• [Task directions]:
With the pictures left aside, write out exactly the lines of the listing below from the line with "Our LED third" to the line with "In an exact", both included, and only those.

• [Records for this task]:
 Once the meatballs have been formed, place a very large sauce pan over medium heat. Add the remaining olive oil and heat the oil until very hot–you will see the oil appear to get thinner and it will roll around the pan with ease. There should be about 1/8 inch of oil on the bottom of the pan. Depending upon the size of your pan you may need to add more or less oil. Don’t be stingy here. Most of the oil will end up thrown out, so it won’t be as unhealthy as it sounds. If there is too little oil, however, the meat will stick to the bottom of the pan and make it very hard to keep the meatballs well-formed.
--
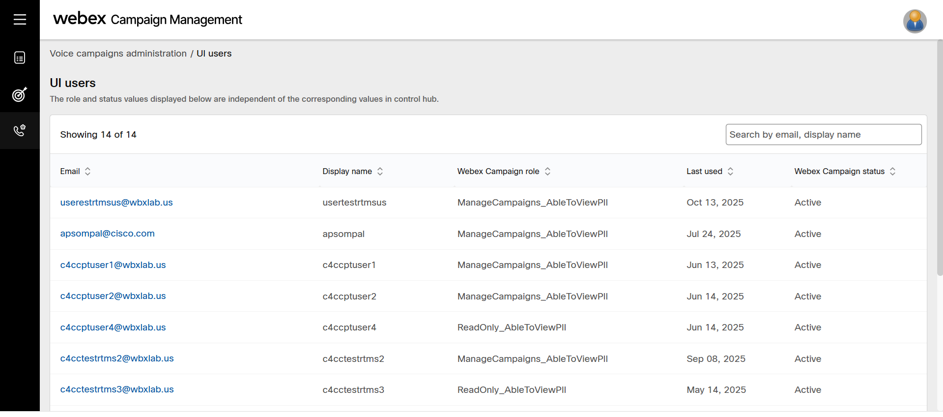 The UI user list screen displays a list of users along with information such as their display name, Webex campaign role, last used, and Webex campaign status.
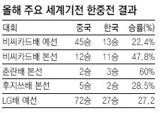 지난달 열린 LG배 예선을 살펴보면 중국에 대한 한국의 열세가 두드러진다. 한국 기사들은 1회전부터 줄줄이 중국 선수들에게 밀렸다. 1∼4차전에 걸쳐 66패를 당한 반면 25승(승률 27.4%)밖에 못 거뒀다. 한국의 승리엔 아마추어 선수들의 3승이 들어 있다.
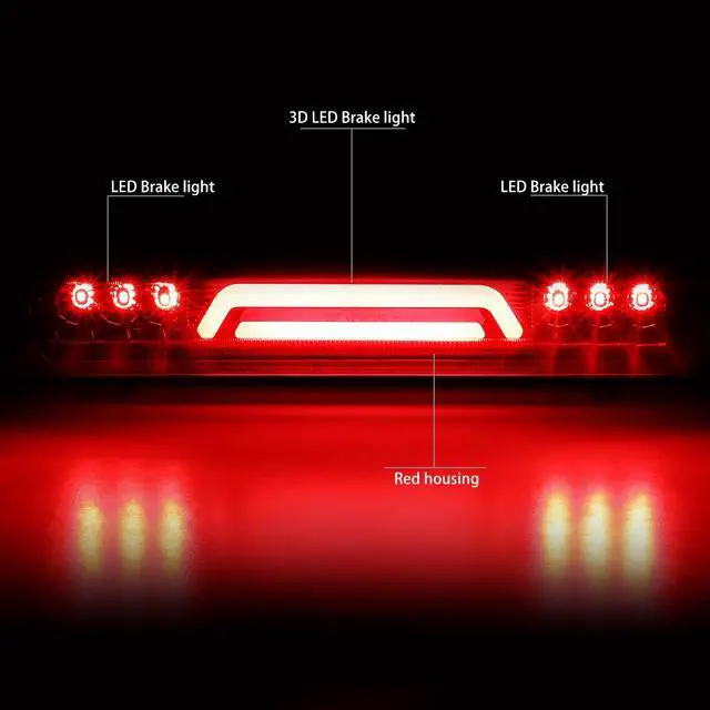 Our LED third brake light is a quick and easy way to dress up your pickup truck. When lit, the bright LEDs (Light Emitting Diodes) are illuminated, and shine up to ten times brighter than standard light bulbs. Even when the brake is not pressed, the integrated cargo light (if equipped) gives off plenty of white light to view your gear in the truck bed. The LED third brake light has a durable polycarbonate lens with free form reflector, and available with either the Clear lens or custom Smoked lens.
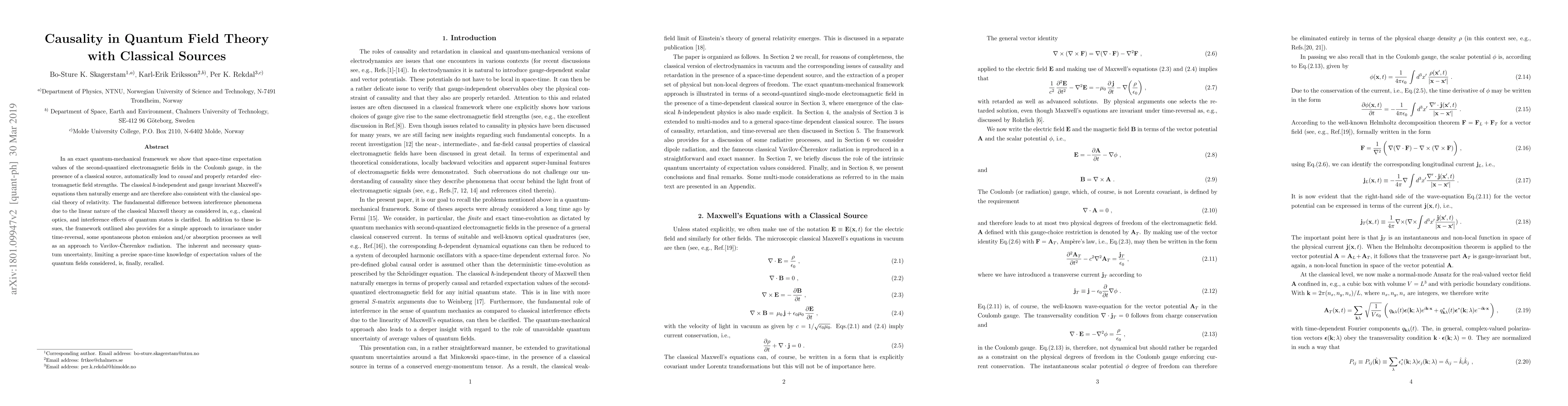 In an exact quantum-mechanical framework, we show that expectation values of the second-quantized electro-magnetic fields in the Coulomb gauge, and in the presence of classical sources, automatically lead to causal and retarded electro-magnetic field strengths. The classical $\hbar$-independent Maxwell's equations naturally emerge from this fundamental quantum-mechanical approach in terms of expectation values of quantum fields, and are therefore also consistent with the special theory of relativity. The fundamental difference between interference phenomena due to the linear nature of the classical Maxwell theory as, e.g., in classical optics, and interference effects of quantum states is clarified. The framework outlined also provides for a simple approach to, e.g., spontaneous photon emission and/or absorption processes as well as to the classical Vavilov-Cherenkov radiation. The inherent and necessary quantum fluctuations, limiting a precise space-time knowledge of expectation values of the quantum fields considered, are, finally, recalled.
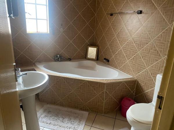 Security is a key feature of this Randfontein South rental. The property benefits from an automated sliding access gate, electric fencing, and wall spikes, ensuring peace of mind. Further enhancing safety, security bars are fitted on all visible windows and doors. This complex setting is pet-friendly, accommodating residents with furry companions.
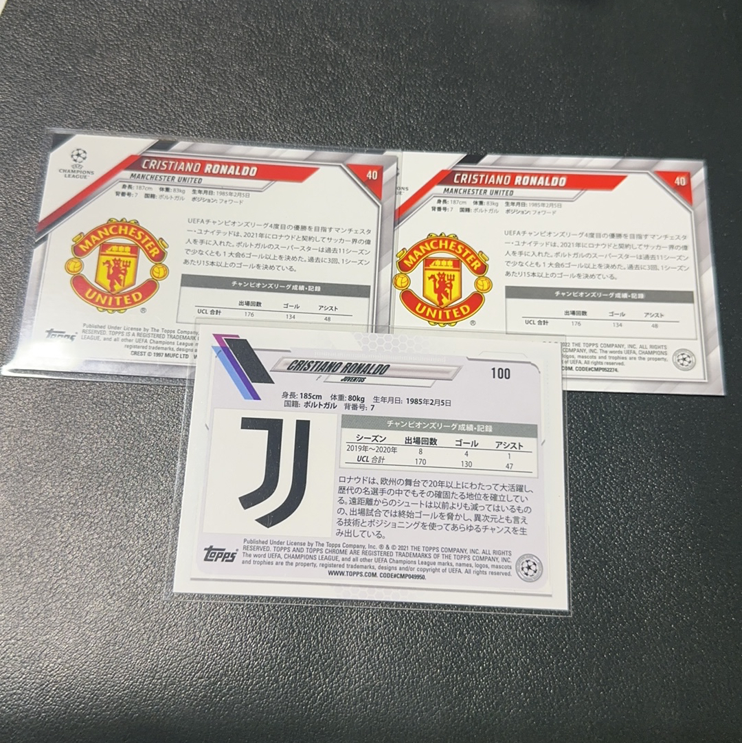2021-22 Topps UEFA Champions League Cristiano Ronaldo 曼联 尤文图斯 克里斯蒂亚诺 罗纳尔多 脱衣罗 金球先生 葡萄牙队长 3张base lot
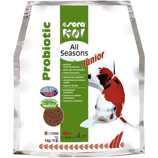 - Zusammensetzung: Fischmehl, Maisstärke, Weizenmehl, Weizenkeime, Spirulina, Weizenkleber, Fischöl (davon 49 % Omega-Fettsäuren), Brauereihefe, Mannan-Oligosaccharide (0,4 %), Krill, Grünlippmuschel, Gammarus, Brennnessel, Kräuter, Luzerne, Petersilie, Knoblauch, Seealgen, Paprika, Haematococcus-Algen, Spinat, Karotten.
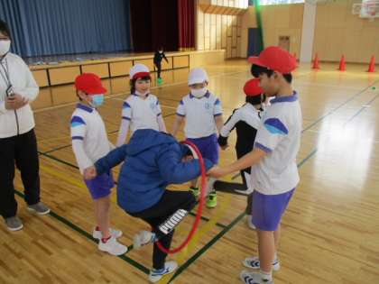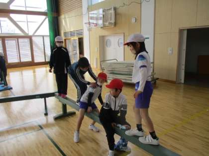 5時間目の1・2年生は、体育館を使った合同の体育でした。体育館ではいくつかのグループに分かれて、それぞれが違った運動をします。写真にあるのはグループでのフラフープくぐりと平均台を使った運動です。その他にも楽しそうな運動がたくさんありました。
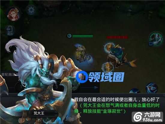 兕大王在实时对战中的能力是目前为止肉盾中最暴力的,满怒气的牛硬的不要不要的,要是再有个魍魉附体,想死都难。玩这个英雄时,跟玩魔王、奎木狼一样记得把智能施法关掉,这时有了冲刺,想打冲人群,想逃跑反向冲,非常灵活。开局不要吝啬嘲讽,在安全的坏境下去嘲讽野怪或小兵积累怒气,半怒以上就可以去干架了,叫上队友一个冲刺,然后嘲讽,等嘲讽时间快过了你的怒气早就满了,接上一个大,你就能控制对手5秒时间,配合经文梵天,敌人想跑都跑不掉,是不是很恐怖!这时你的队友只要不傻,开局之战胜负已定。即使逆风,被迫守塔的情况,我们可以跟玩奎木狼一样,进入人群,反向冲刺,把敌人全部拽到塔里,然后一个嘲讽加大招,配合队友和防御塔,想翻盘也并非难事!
--
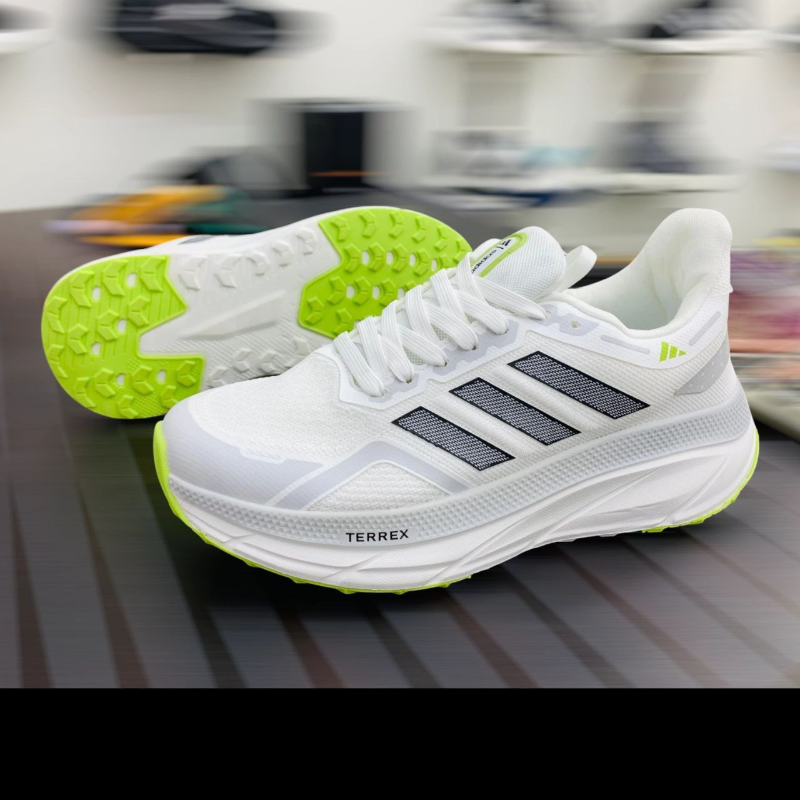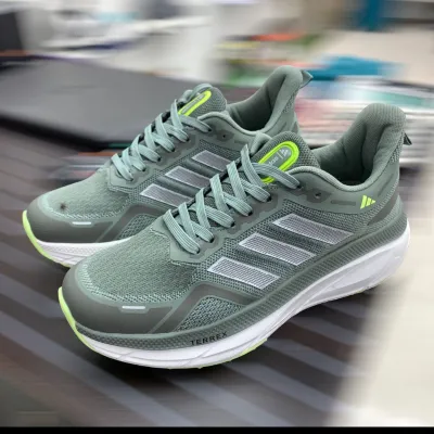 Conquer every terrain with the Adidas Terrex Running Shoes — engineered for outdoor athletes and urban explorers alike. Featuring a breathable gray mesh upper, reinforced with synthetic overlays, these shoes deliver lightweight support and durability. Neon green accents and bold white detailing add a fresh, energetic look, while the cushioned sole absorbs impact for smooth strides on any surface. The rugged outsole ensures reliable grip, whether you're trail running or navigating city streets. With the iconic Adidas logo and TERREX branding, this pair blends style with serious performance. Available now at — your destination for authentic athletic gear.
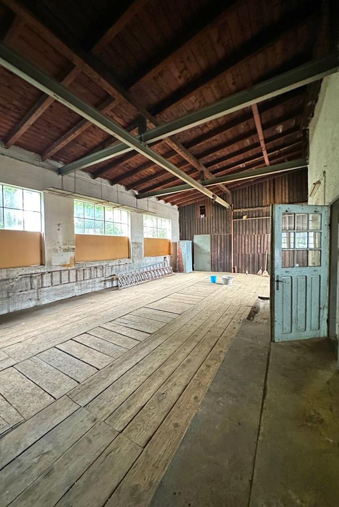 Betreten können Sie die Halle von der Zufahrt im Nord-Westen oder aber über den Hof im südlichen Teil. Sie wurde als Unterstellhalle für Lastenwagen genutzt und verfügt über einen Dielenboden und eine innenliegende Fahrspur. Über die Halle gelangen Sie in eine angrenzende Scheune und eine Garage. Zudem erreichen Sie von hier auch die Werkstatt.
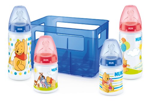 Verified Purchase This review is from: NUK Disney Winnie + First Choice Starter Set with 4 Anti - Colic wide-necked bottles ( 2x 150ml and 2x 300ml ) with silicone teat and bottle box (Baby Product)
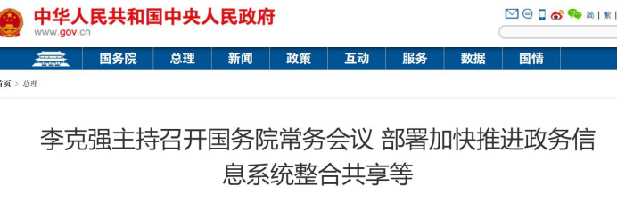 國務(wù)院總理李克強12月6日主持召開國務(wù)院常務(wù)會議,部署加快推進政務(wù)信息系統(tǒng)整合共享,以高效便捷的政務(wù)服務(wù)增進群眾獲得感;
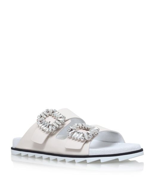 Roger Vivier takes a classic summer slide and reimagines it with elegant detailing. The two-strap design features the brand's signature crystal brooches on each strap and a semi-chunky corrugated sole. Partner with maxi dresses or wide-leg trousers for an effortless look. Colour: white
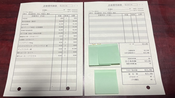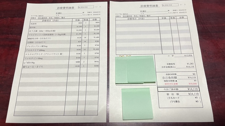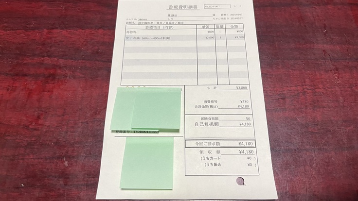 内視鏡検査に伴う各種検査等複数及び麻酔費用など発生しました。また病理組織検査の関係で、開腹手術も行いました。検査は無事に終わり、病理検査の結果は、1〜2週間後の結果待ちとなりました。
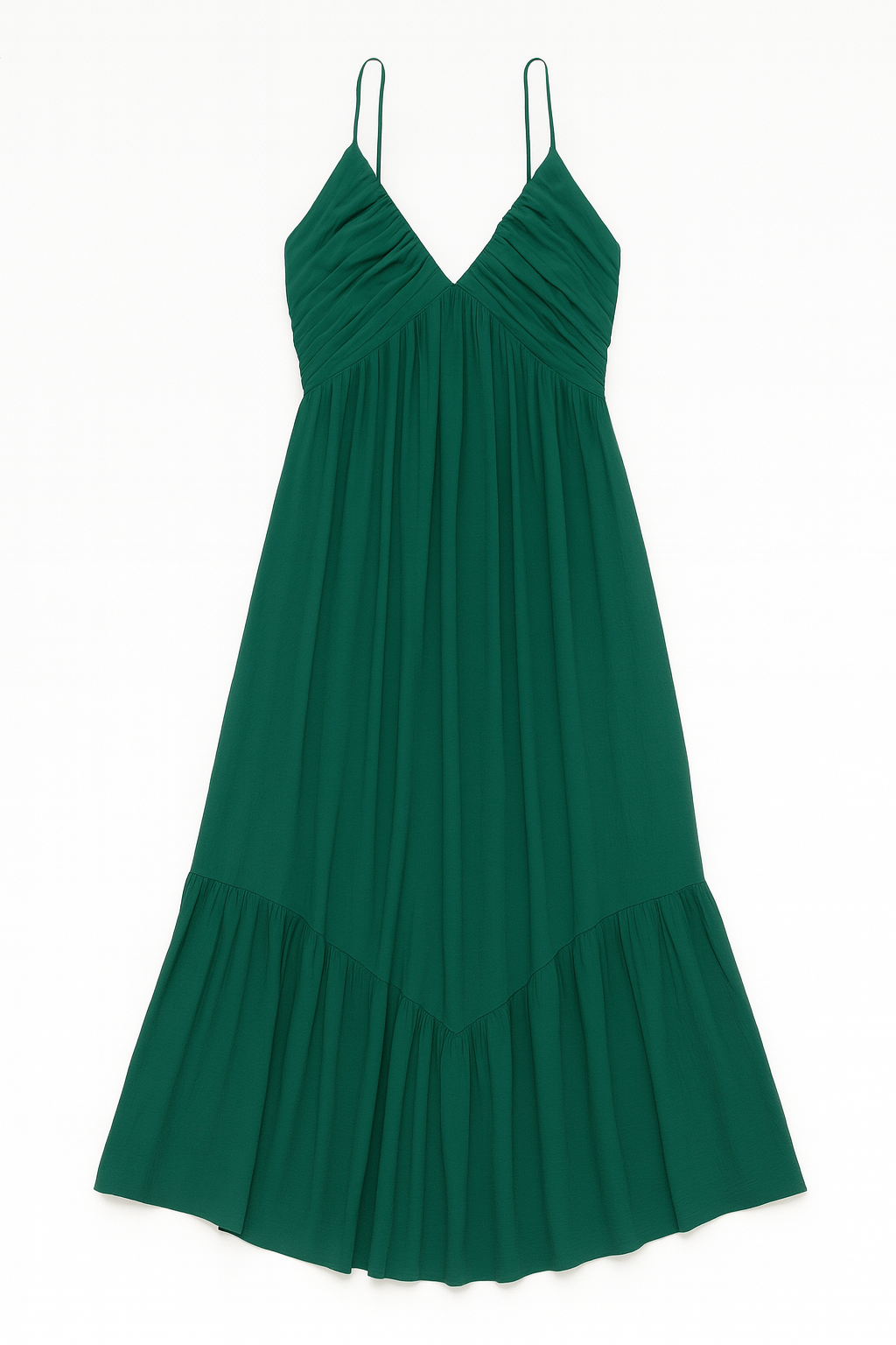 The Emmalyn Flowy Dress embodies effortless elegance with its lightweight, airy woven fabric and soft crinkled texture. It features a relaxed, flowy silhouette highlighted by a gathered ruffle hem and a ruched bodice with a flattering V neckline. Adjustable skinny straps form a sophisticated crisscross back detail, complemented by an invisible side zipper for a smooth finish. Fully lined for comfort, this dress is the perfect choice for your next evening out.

• [Output of the exercise]:
 Our LED third brake light is a quick and easy way to dress up your pickup truck. When lit, the bright LEDs (Light Emitting Diodes) are illuminated, and shine up to ten times brighter than standard light bulbs. Even when the brake is not pressed, the integrated cargo light (if equipped) gives off plenty of white light to view your gear in the truck bed. The LED third brake light has a durable polycarbonate lens with free form reflector, and available with either the Clear lens or custom Smoked lens.
 In an exact quantum-mechanical framework, we show that expectation values of the second-quantized electro-magnetic fields in the Coulomb gauge, and in the presence of classical sources, automatically lead to causal and retarded electro-magnetic field strengths. The classical $\hbar$-independent Maxwell's equations naturally emerge from this fundamental quantum-mechanical approach in terms of expectation values of quantum fields, and are therefore also consistent with the special theory of relativity. The fundamental difference between interference phenomena due to the linear nature of the classical Maxwell theory as, e.g., in classical optics, and interference effects of quantum states is clarified. The framework outlined also provides for a simple approach to, e.g., spontaneous photon emission and/or absorption processes as well as to the classical Vavilov-Cherenkov radiation. The inherent and necessary quantum fluctuations, limiting a precise space-time knowledge of expectation values of the quantum fields considered, are, finally, recalled.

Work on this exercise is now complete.